Тётка Пелагея проснулась, когда Талька разговаривала с Михаилом, но продолжала тихо лежать на печи, прислушиваясь. Как только окно затворилось, она сразу заворочалась, болезненно закряхтела на своём печном ложе, уже начавшим пробирать её сухие рёбра теплом от сгоревших поленьев. Талька молча собрала на стол. Обычно, тётка Пелагея дожидалась пока дочь позовёт её завтракать, после чего следовало бранное ворчание: куда в такую рань, никакого уважения к матери, вот помру...

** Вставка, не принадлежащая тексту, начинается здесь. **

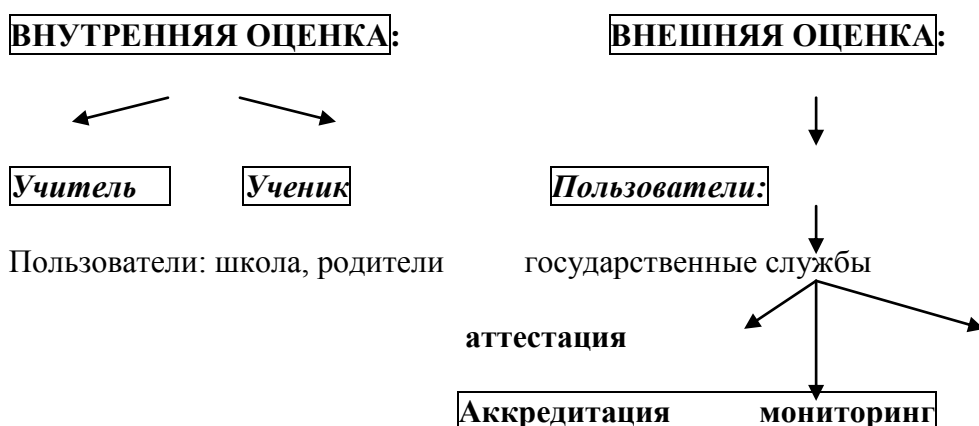
Схема процедуры оценочной деятельности.

Система оценки достижения планируемых результатов включает в себя две согласованные между собой системы оценок: внешнюю оценку (оценку, осуществляемую внешними по отношению к школе службами) и внутреннюю оценку (оценку, осуществляемую самой школой).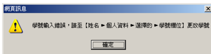
圖3 檢查已輸入學號的使用者的錯誤訊息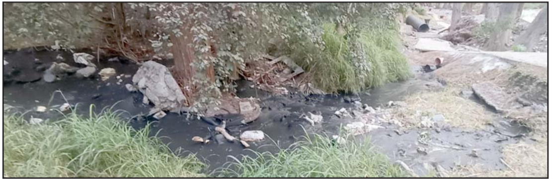
Está contaminado con basura, descargas de aguas negras, mobiliario en malas condiciones y sin iluminación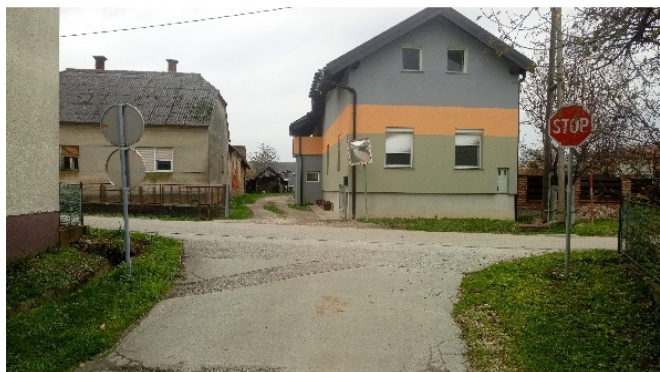
Križišči preko mostu na občinsko cesto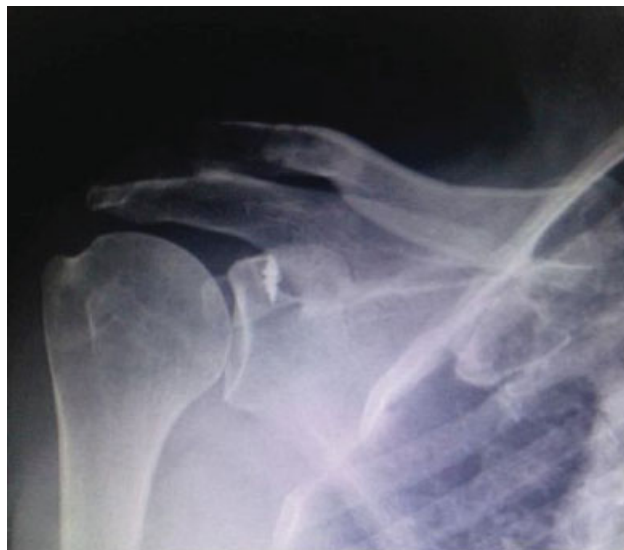
Fig. 5 Nove meses de pós-operatório, ombro direito.

O paciente foi perguntado sobre sintomas adicionais e mencionou que nas semanas anteriores sentira desconforto na região posterior da cervical.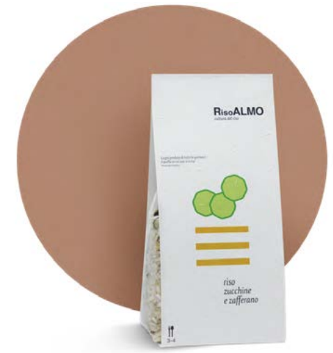
— zucchini e zafferano — zucchini and saffron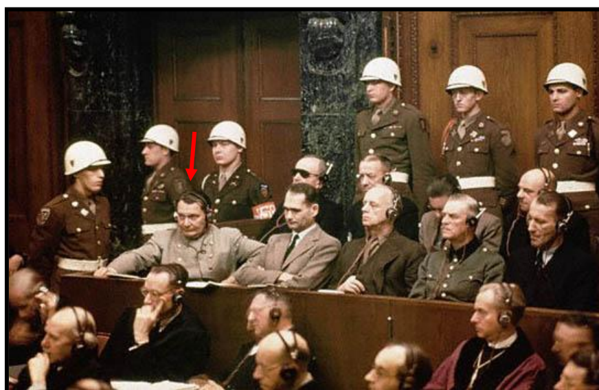
נאשמי המשפט שימו לב לשיבתו היהירה והמזלזלת של גרינג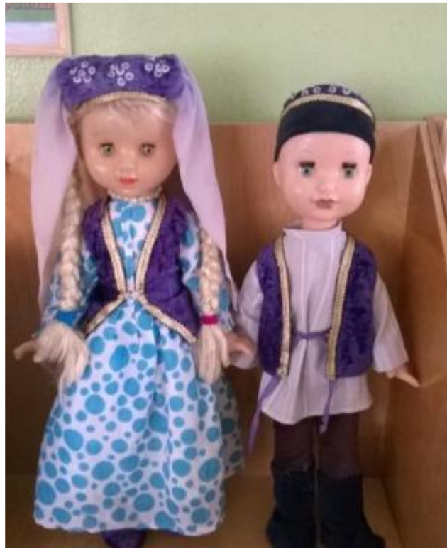
Куклы в национальном костюме- татарский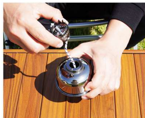
6. 灯芯調節部品をオイルタンクに戻します。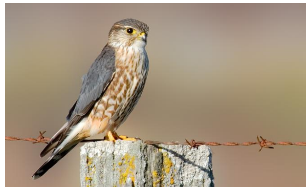
rustend Smelleken bij De Prunje

geluk en speurzinnigheid zullen we ook nog wat andere, zeldzamere ganzensoorten kunnen toevoegen aan de excursielijst van waargenomen vogelsoorten. Hierbij valt te denken aan Roodhalsgans, Kleine Rietgans of Sneeuwgans. Concentraties eenden en steltlopers trekken per definitie roofvogels aan, óók in het winterse zuidwest Nederland. We ontmoeten hopelijk: Zeearend, Smelleken, Slechtvalk en Blauwe Kiekendief. Verder is er een kans op o.m. Bruine Kiekendief, Sperwer, Buizerd, Havik en Velduil. Indien er tijd is voor de uitgestrekte Slikken van Flakkee, zullen we daar speuren naar Ruigpootbuizerds en heel veel andere mooie vogels.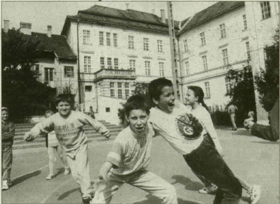
A gyermekek az „összevont” szünetben is felszabadultak.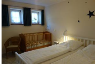
Großes Doppelbett und Holzbabybett...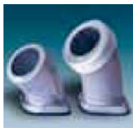
Descarga (manguera, BSP, NPT)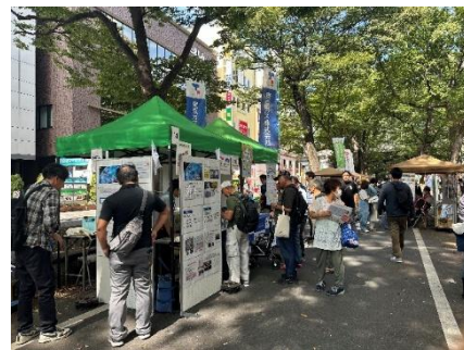
昨年の会場内の様子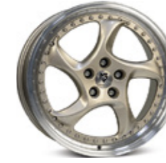
TURBO/S 24 - 25 19"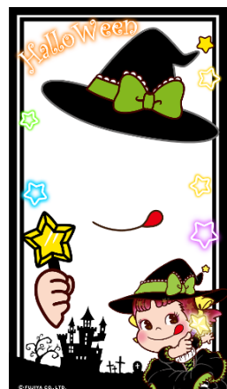
フォトフレームデザイン例▶

●フォトフレーム内容：3種類+GIFフォトフレーム(高速で3種のフレームが切り替わるようになっており、シャッターを押すタイミングにより、どのフォトフレームになるかが変わる設定)の、合計4種類の展開です。どのフォトフレームが出てくるかはお楽しみ！

Третий год пошёл, как вышла на пенсию мать, а вот по дому уже лет двенадцать как всё лежало на талькиных плечах. Но тётка Пелагея, похоже, искренне этого не замечала и на манер испорченной патефонной пластинки повторяла изо дня в день, как и в те годы, когда действительно кормила тогда ещё маленькую дочь:

- Халда непутёвая, ни головой, ни руками ничего не умеешь... даром, что здоровая Федора выросла... ить трём свиньям корму не разделишь... долголь ишшо на шее у меня сидеть будешь!?... Талька с этим настолько свыклась, что как бы и не слышала, не вникала в смысл произносимых матерью слов. Так как спешить тётке Пелагеи было некуда, то и завтракала она позже дочери. Талька успела съесть свою кашу, запить парным молоком и уже одетая намеревалась идти на работу. Тут её и задержала, наконец, слезшая с печи и сходившая на двор, мать. Перед уходом дочери она обязательно устраивала ей, своего рода, контрольный опрос:

- Яиц-то, сколь севодни снесли? ... А ты всёль поглядела-то, чай под дальню жердину не лазила? ... Молока-то што так мало, неужто выдула столько? ... Ну, ты и прорва, на тебя не напасёшси, коровы скоро мало будет таку кормить. Хоть бы о матери подумала, я ить не ела ишшо... Куды нарядили-то? ... На клевер? И чево это он тебя туды опять ставит? ... Ох и дурищща ты, всё не знаю, да не знаю, больше и сказать-то ничиво не выучилась. Ты хоть для себя постарайси, колода непутёвая, не всё ж мне об тебе думать. Который раз говорю, не зевай дура, дождёшси вот так у окна сидючи, уведёт кака-нибудь молодка Мишку-то... Эх, да кто ж тебя возмёт таку, до самой смерти моей, видать, на шее висеть будешь, халда бестолковая... Ты тама это, как на обед-то придёшь, на сараюшку слазь, крыша тама течёт. Чай сама видала, а сделать-то не догадашься, всё тебе указуй. Когда своей-то головой жить начнёшь? Да дранки принеси, гвозди-то есть...

3

Михаил Белый вернулся в родную деревню в позапрошлом году, после десятилетнего отсутствия. Отслужив армию, он, как и большинство его деревенских сверстников, поехал не домой, а по комсомольской путёвке в Сибирь, на строительство крупнейшей по тому времени ГЭС. Работал там, по слухам, Михаил ударно, выбился в бригадиры, там же женился, но почему-то быстро развёлся, и вот ... вернулся. Случай беспрецедентный, ведь из деревни, кто так же срывался искать лучшую долю, никто ещё насовсем не возвращался. Другое дело в отпуска, погостить у родителей, порассказать о большой жизни, похвастаться - таких было немало. Михаил же о своём пребывании в Сибири рассказывать почему-то не любил, потому в деревне о том периоде его жизни знали в основном по слухам, рождающим домыслы.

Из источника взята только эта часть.